From: Gabriel Barazer <gabriel@barazer.net>
To: nfs@lists.sourceforge.net
Subject: mountd randomly crash and panic the server
Date: Wed, 11 Apr 2007 17:11:58 +0200 [thread overview]
Message-ID: <461CFABE.9050301@barazer.net> (raw)
Hello there,
I recently got a problem probably due to rpc.mountd (from nfs-utils
1.0.7). I have a file server running linux 2.6.20.3 and it crashed 4
times since march, 1st under a quite heavy load with the following
kernel errors in the syslog (which I have read after the crash, because
kernel probably panic()ed ano network access was possible)

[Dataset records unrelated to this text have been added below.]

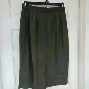 This Clio suit in olive green is a timeless piece that will never go out of style. The jacket is long in length with a classic fit, and the skirt is a size 12 with a solid pattern. The set includes both the skirt and jacket, making it perfect for any formal, workwear, or business occasion.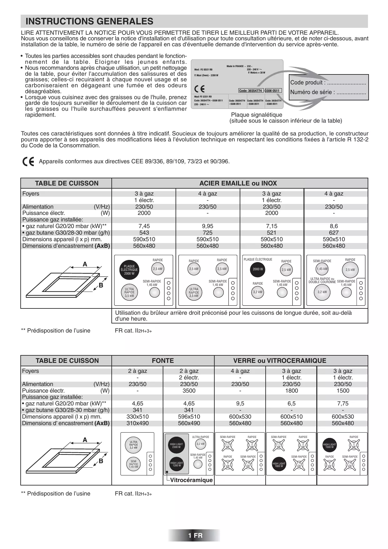 FR GB IT ES INSTRUCTIONS GENERALES LIRE ATTENTIVEMENT LA NOTICE POUR VOUS PERMETTRE DE TIRER LE MEILLEUR PARTI DE VOTRE APPAREIL. Nous vous conseillons de conserver la notice d'installation et d'utilisation pour toute consultation ultérieure, et de noter ci-dessous, avant installation de la table, le numéro de série de l'appareil en cas d'éventuelle demande d'intervention du service après-vente. • Toutes les parties accessibles sont chaudes pendant le fonctionnement de la table. Eloigner les jeunes enfants. • Nous recommandons après chaque utilisation, un petit nettoyage de la table, pour éviter l'accumulation des salissures et des graisses; celles-ci recuiraient à chaque nouvel usage et se carboniseraient en dégageant une fumée et des odeurs désagréables. • Lorsque vous cuisinez avec des graisses ou de l'huile, prenez garde de toujours surveiller le déroulement de la cuisson car les graisses ou l'huile surchauffées peuvent s'enflammer rapidement.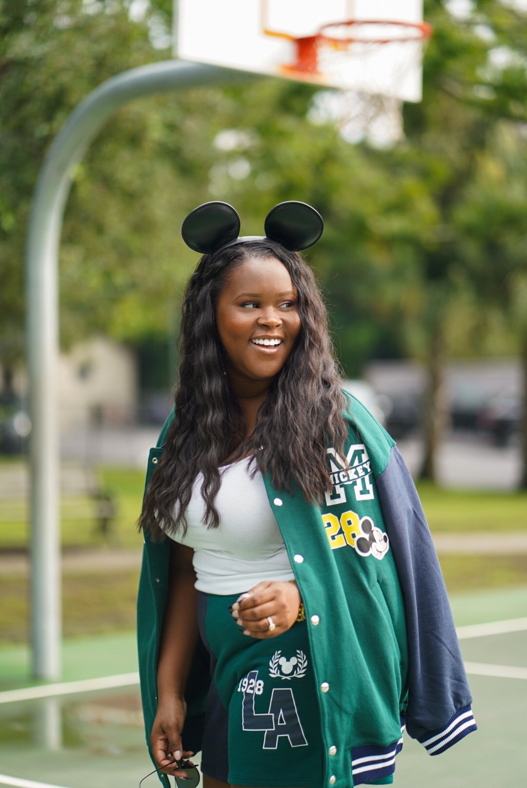 In my previous post, I shared my love for the latest H&M Mickey pieces. Well, I ended up placing two orders that day. The second was for the outfit below. See, I am a sucker for matching sets, co-ord sets, suits, etc. I love the matchy matchy look and sets are so much easier to style and wear. I saw this jacket and shorts and thought how casual and sporty I would look wearing it. Since my next Disney trip isn’t until the end of September, I figured why not bust this look out and run around Charleston wearing Mickey ears.
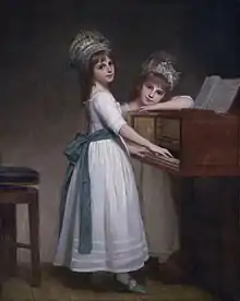 Thurlow had a number of illegitimate children[4] Two of his daughters, Maria and Catharine, had their portrait painted by George Romney in 1783. Maria, who died in 1816, married Colonel Sir David Cunynghame of Milncraig, 5th Baronet, in 1801, and had several children.[5] Catharine, who died in 1826, married Alexander Fraser, 17th Lord Saltoun, in 1815.[6]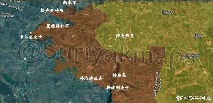 4、新經濟鎮:俄軍在亞布盧尼夫卡以南小幅推進,還完全控制了默恩及其西北的部分陣地。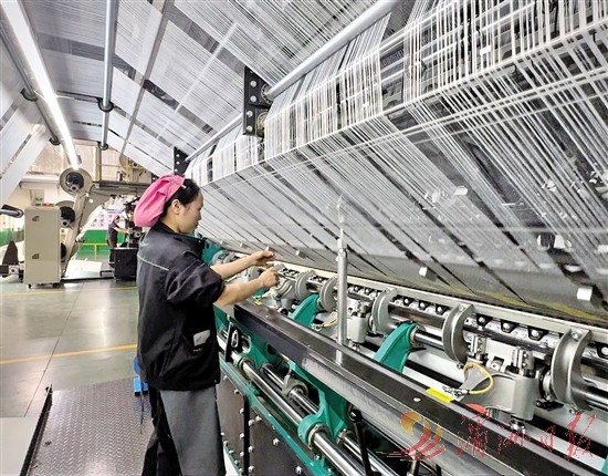本报讯 (全媒体记者 蔡蕊 文/图)2月19日,大年初三,位于秀屿区东峤镇的华峰华锦有限公司生产车间内,一排排大型机械设备开足马力、全力运转,一卷卷洁白的涤纶丝线在织机上飞旋。留守的员工在岗位上熟练操作、细致巡检,在车间机器的节奏里,“酿”出别样年味,以火热的生产氛围喜迎马年新春。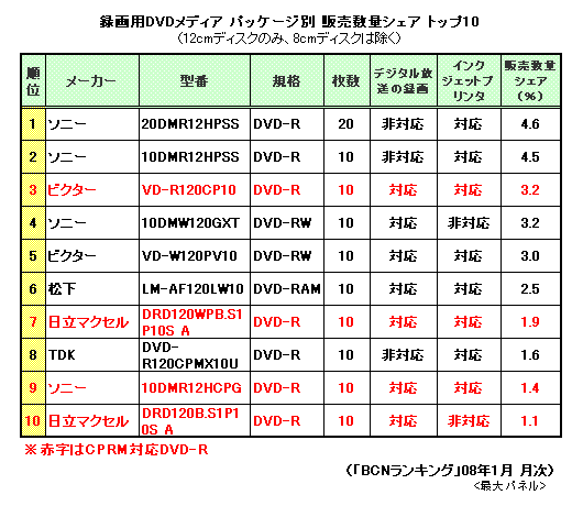 では実際に売れている製品を紹介しよう。12cmサイズの録画用DVDに限った、08年1月のパッケージ別の販売数量シェア1位は、ソニーのCPRM非対応DVD-Rの20枚パック「20DMR12HPSS」、2位には同じディスクの10枚パック「10DMR12HPSS」が入った。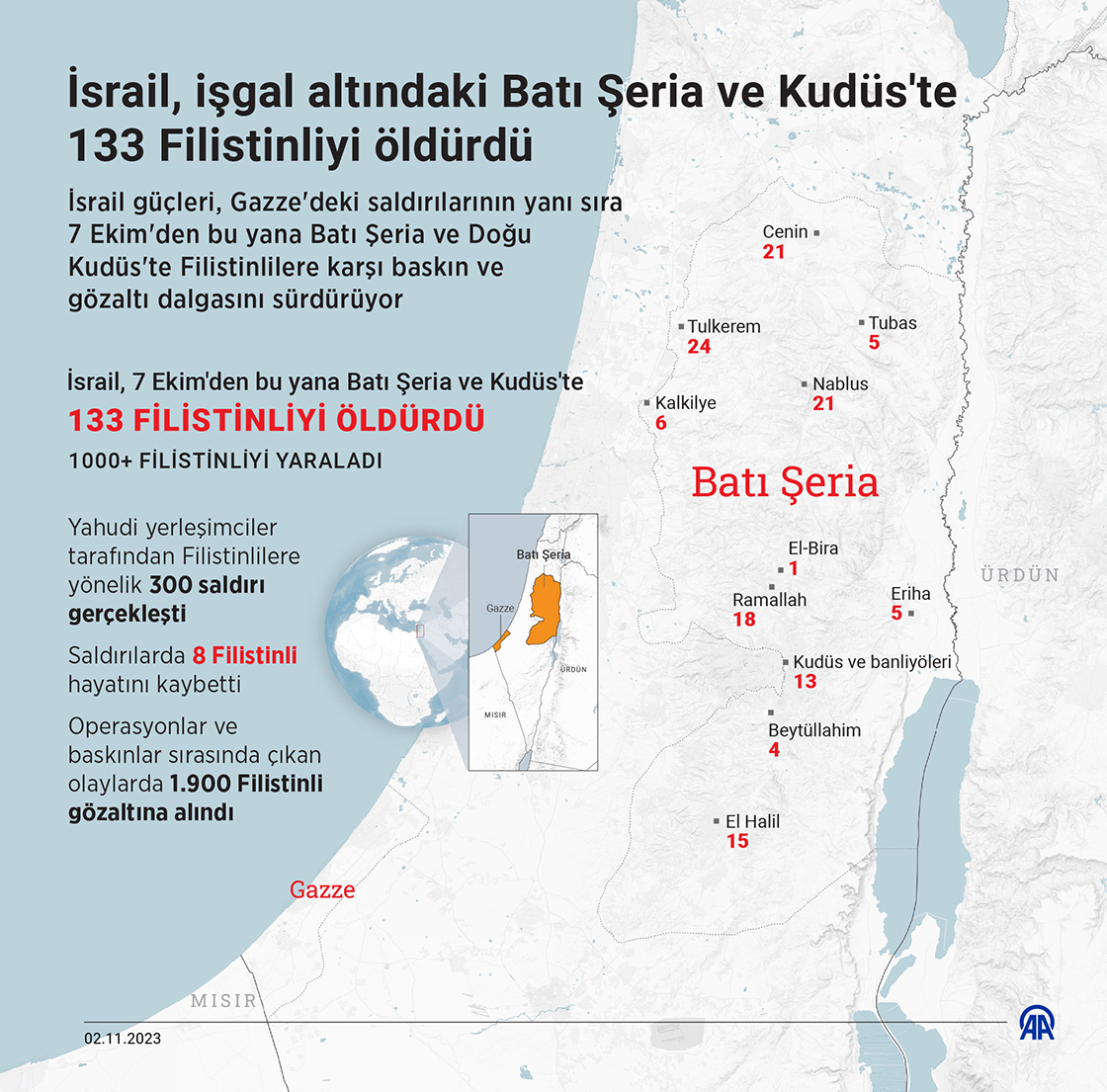 İsrail güçleri, işgal altındaki Batı Şeria, Kudüs ve çevresinde, 7 Ekim'den bu yana 133 Filistinliyi öldürdü, 1000'den fazla Filistinliyi yaraladı. (Grafik: Elmurod Usubaliev/AA)

Mar 19 19:52:57 filer1 kernel: general protection fault: 0000 [1] SMP
Mar 19 19:52:57 filer1 kernel: CPU 3
Mar 19 19:52:57 filer1 kernel: Modules linked in:
Mar 19 19:52:57 filer1 kernel: Pid: 2238, comm: rpc.mountd Not tainted 2.6.20.3 #1
Mar 19 19:52:57 filer1 kernel: RIP: 0010:[<ffffffff8053606f>] [<ffffffff8053606f>] cache_clean+0x11e/0x22f
Mar 19 19:52:57 filer1 kernel: RSP: 0018:ffff810068da7b68 EFLAGS: 00010206
Mar 19 19:52:57 filer1 kernel: RAX: ffffffff806a0e80 RBX: 0001e71926010009 RCX: ffffffff806a0e80
Mar 19 19:52:57 filer1 kernel: RDX: ffffffff806a0e80 RSI: 0000000000000071 RDI: ffffffff806a0e98
Mar 19 19:52:57 filer1 kernel: RBP: ffff8100090ad7c0 R08: 0000000000000000 R09: 000000000000006b
Mar 19 19:52:57 filer1 kernel: R10: 0000000000000000 R11: 0000000000000005 R12: 0000000000000000
Mar 19 19:52:57 filer1 kernel: R13: ffff810068da7e08 R14: 0000000000000006 R15: ffff81001669c000
Mar 19 19:52:57 filer1 kernel: FS: 00002ab0119c36e0(0000) GS:ffff81007ff397c0(0000) knlGS:0000000000000000
Mar 19 19:52:57 filer1 kernel: CS: 0010 DS: 0000 ES: 0000 CR0: 000000008005003b
Mar 19 19:52:57 filer1 kernel: CR2: 00002ab011474000 CR3: 000000007e228000 CR4: 00000000000006e0
Mar 19 19:52:57 filer1 kernel: Process rpc.mountd (pid: 2238, threadinfo ffff810068da6000, task ffff81006b5a6400)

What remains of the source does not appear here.